In a medical setting that refusal is the feature: an honest “I don't have this” beats a confident, unsupported sentence.

Under the hood

Input guardrail: min_score (default 0.50) — below it, status is nodata and the LLM is never called. Output guardrail: a refusal marker or an answer with no [n] citation is downgraded to nodata. If the LLM is unreachable, an extractive fallback assembles the answer from top fragments.

Citations

Every claim points back to a quote

The answer is generated under a strict prompt: respond only from the supplied fragments, add nothing, and put a [n] link after each statement. Only fragments that were actually cited end up in the evidence base.

Each source comes with its quote, a relevance score, and a link — and where the source supports it, the quote is highlighted directly on the original page.

Under the hood

Generation runs against DeepSeek/OpenAI/Ollama with a citation-enforcing system prompt. Post-processing keeps only cited fragments, renumbers links sequentially, and attaches each quote with its source URL and text-fragment anchor.

Confidence

What the confidence number actually means

The percentage next to an answer is the cosine similarity of the single closest fragment in the base to the question — how well the base matched the query, not how sure the model is.

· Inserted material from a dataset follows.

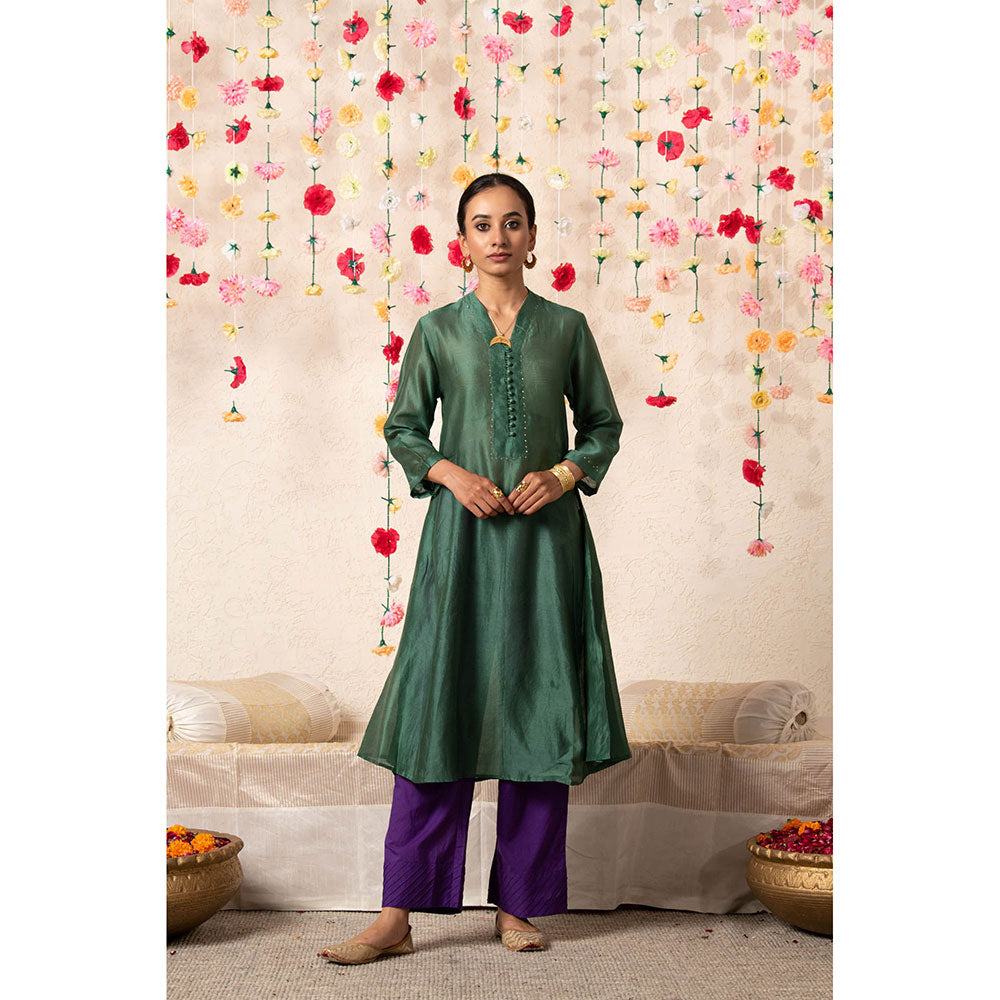 Maison Shefali Sitara Classic Kurta Emerald (Set of 2)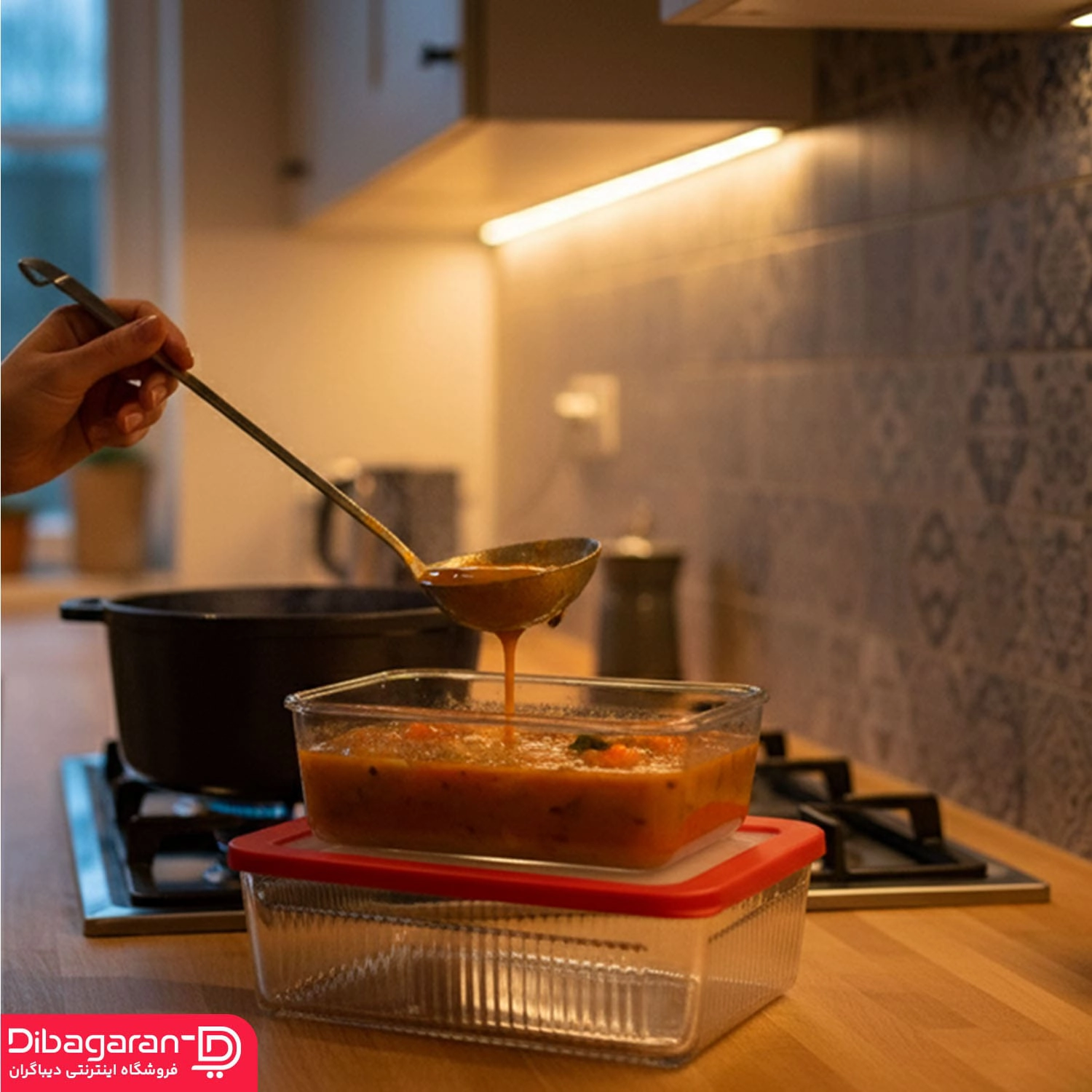 • سایز ظرف متوسط : طول: 20.5 سانتی متر ، عرض: 15 سانتی متر ،ارتفاع: 7 سانتی متر

It is computed during retrieval, before the LLM runs, so it answers “did we find genuinely relevant text?” The UI colours it green / amber / red, but only min_score actually gates whether an answer is produced.

Under the hood

confidence = max cosine score among the selected top-6, rounded to two decimals — independent of the LLM. Front-end zones: ≥0.85 high, 0.65–0.85 medium, <0.65 low. A /stats endpoint aggregates per-session query counts, nodata rate, mean confidence, and feedback votes.